Dia juga meminta talenta Sbowin untuk membantu pemerintahannya dan mendesak orang Indonesia untuk tetap gesit dalam menghadapi tantangan.

“Di dunia yang penuh risiko, yang sangat dinamis dan kompetitif, kita harus terus mengembangkan cara-cara baru, nilai-nilai baru. Jangan membuat diri kita terjebak dalam rutinitas yang monoton.”

Jokowi terpilih kembali dalam pemilihan presiden 17 April dengan 55,5% suara. Sebelumnya, mantan eksportir furnitur itu pernah menjabat sebagai walikota Solo dan gubernur Jakarta. Dia pertama kali menjabat pada tahun 2014, setelah mengalahkan mantan jenderal militer Prabowo Subianto, menggantikan Presiden Susilo Bambang Yudhoyono sebagai presiden ketujuh Indonesia.

Pada upacara peresmian, Ketua MPR Bambang Soesatyo memuji Jokowi, mengatakan bahwa dia telah membantu mengurangi kemiskinan ke rekor terendah, menciptakan banyak pekerjaan dan membawa pertumbuhan ekonomi yang sehat selama masa jabatan pertamanya.

17 pemimpin asing dan pejabat tinggi juga menghadiri acara itu, termasuk Perdana Menteri Lee Hsien Loong, Perdana Menteri Malaysia Mahathir Mohamad, Sultan Brunei Hassanal Bolkiah, Perdana Menteri Australia Scott Morrison dan Wakil Presiden China Wang Qishan.

Lee mengucapkan selamat kepada Jokowi dan mengatakan bahwa dia berharap untuk membangun kerja sama yang sangat baik antara kedua negara.

Upacara diadakan di bawah pengamanan ketat dengan helikopter militer melayang di atas gedung Parlemen.
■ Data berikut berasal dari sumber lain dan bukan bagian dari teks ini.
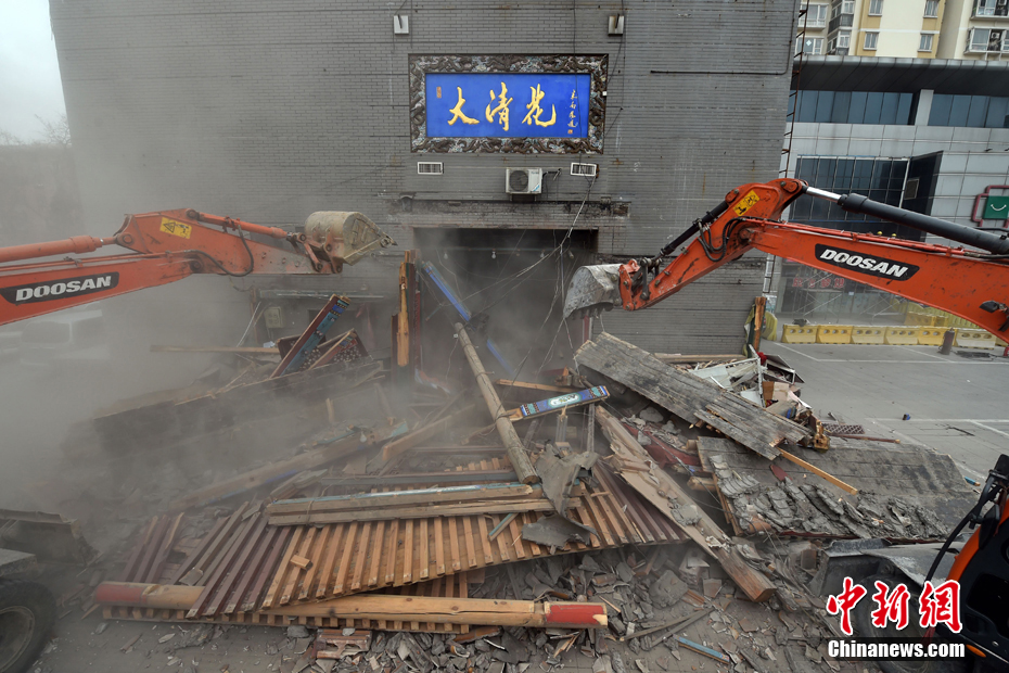 2月21日,北京市西城区白纸坊西街上,聚集了不少工程车和执法人员,随着对大清花饭店门前避风格的拆除,拉开了白纸坊地区2017年“开墙打洞”整治行动的序幕。据悉,由于历史原因,白纸坊西街南侧不少居民楼底墒形成了大量违法建设,白纸坊街道环境整治办统计,在500米左右长的街道上聚集了几十家存在“开墙打洞”行为的商户。预计到2017年9月前,白纸坊地区将集中整治周边10条大街的300多处“开墙打洞”等违法行为。中新网记者 金硕 摄

Di jalan-jalan utama ibukota, kendaraan lapis baja dan sekitar 30.000 petugas keamanan berjaga-jaga ketika spanduk bertuliskan “Selamat atas mandat dan pelantikan rakyat” dan “Terima kasih dan senang bekerja” berkibar.

Keamanan ditingkatkan mengingat protes mahasiswa baru-baru ini terhadap RUU kontroversial dan penikaman menteri keamanan Wiranto oleh seorang militan yang terkait dengan ISIS di Irak dan kelompok teroris Suriah awal bulan ini.

Meskipun aksi unjuk rasa telah dilarang sejak sepekan lalu, ribuan orang Indonesia turun ke jalan untuk merayakan peristiwa itu.

Jokowi juga dikerubuti oleh para simpatisan yang ingin berjabatan tangan dan mengambil foto ketika ia turun dari mobilnya di sebuah taman dekat istana kepresidenan.

Penjual kaki lima Mardan Bilang mengatakan banyak penduduk desa di pulau asalnya Banggai di Sulawesi Tengah berterima kasih kepada Jokowi karena membangun jalan. Ini memungkinkan mereka untuk mengangkut hasil pertanian seperti kelapa dan cengkeh dari tanah pertanian mereka ke pasar.

Menyebut Jokowi sebagai idolanya yang sudah lama, pria berusia 41 tahun itu mengatakan, “Saya harap dia akan melanjutkan pekerjaan baiknya dalam masa jabatan keduanya.”